The dielectric film 4 may be made of only the above-described insulating resin, but may contain other materials. Examples of components other than the resin contained in the dielectric film 4 include the organic solvents and inorganic fillers described above. As the inorganic filler, for example, inorganic oxides such as alumina, titanium oxide, and silicon dioxide, inorganic nitrides such as silicon nitride, glass, and the like can be used. In particular, when a material having a high relative dielectric constant such as a composite oxide having a perovskite structure is used as the inorganic filler, the relative dielectric constant of the entire dielectric film 4 is improved, and the film capacitor can be reduced in size. In order to improve the compatibility between the inorganic filler and the resin, the inorganic filler may be subjected to a surface treatment such as a silane coupling treatment or a titanate coupling treatment.

  When such an inorganic filler is used for the dielectric film 4, a composite film containing less than 50% by mass of the inorganic filler and 50% by mass or more of the resin is used to maintain the flexibility of the resin. Effects such as improvement of relative dielectric constant can be obtained. Moreover, it is preferable that the size (average particle diameter) of an inorganic filler shall be 4-1000 nm.

  A film 1 with an electrode film provided with an electrode film 5 is formed by depositing a metal component such as aluminum (Al) on one main surface of the produced dielectric film 4 after masking one end in the width direction. prepare.

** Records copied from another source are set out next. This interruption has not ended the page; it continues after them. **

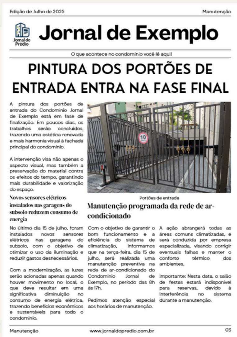
ILUSTRAÇÃO: JORNAL DE EXEMPLO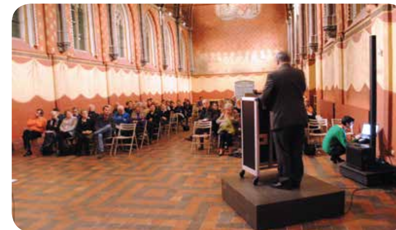
↑ DAG VAN HET HISTORISCH ONDERZOEK IN HET STAM

Zowel de Stad Gent als het OCMW hadden in het verleden een eigen archief. De afgelopen jaren werd gewerkt aan het project DIA (digitale archivering). Als een gevolg van de in 2013 besliste hervorming van de stadsdiensten zullen Stad en OCMW voortaan één gemeenschappelijk archief hebben. Via deze centrale archiefdienst en het gemeenschappelijke DIA-project zal de archivering in de toekomst nog meer gestroomlijnd verlopen.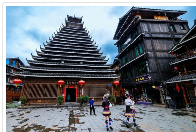
程陽八寨 侗族鼓樓

行車距離 桂林 - 程陽八寨景區 車程約2小時 / 程陽八寨景區 - 三江 車程約30分鐘

  Examples of the material of the electrode film 5 include metals and alloys such as aluminum (Al) and zinc (Zn). The thickness of the electrode film 5 is preferably 5 to 100 nm, particularly 10 to 80 nm.

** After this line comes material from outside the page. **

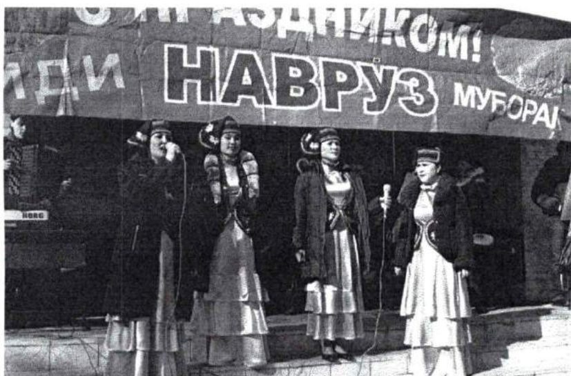
Март 2009 г. Навруз - праздник весны

  Next, the mask is removed from the film with electrode film 1 to form a pair of the film with electrode film 1a and the film with electrode film 1b, and the electrode film 5a of the film with electrode film 1a and the electrode film 5b of the film with electrode film 1b are formed. The winding body 2 is obtained by superimposing the main surface so as to face the main surface which is not formed and applying a predetermined tension using a winding machine. At this time, the films with electrode films 1a and 1b are overlapped so that the regions where the electrode films 5a and 5b are not formed by the mask are located on different end sides. Moreover, it is preferable to wind the films 1a and 1b with electrode films so that the surfaces on which the electrode films 5a and 5b are provided are on the outer peripheral side as shown in FIG.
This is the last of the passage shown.